▶ [SUPPLIED MATERIAL]
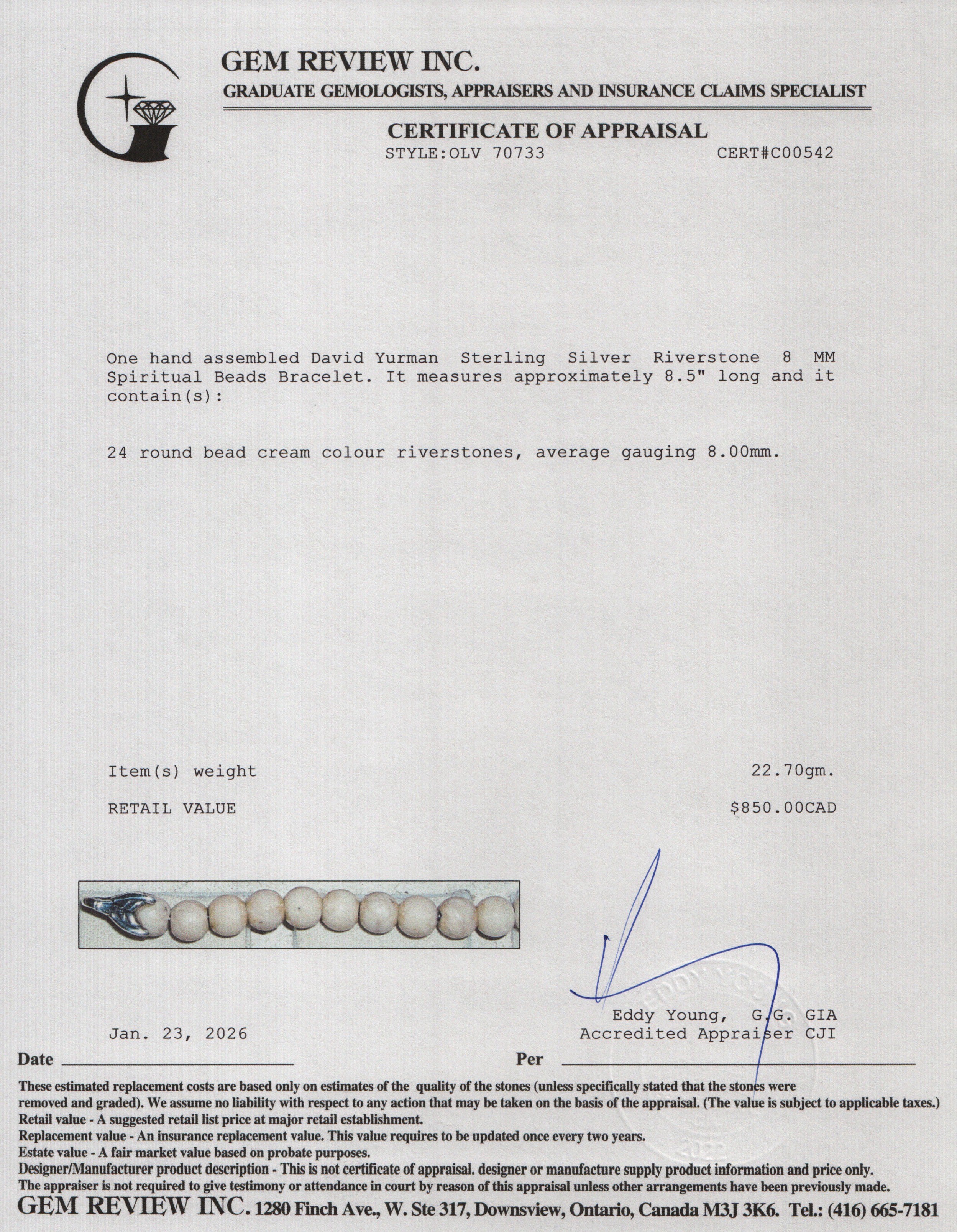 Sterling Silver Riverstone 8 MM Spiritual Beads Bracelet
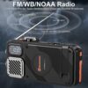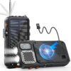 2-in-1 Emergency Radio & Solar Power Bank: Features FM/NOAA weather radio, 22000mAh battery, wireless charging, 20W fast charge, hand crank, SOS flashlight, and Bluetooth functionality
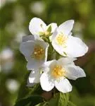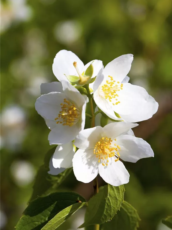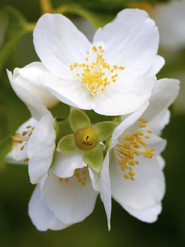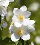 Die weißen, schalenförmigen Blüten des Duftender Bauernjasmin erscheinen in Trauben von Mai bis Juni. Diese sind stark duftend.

▶ [WORK ORDER] Retyped exactly, the lines from the one holding "2-in-1 Emergency Radio" through the last line of the data above are the whole answer. Pictures stay out.

▶ [SOLUTION TO THIS TASK]
 2-in-1 Emergency Radio & Solar Power Bank: Features FM/NOAA weather radio, 22000mAh battery, wireless charging, 20W fast charge, hand crank, SOS flashlight, and Bluetooth functionality
 Die weißen, schalenförmigen Blüten des Duftender Bauernjasmin erscheinen in Trauben von Mai bis Juni. Diese sind stark duftend.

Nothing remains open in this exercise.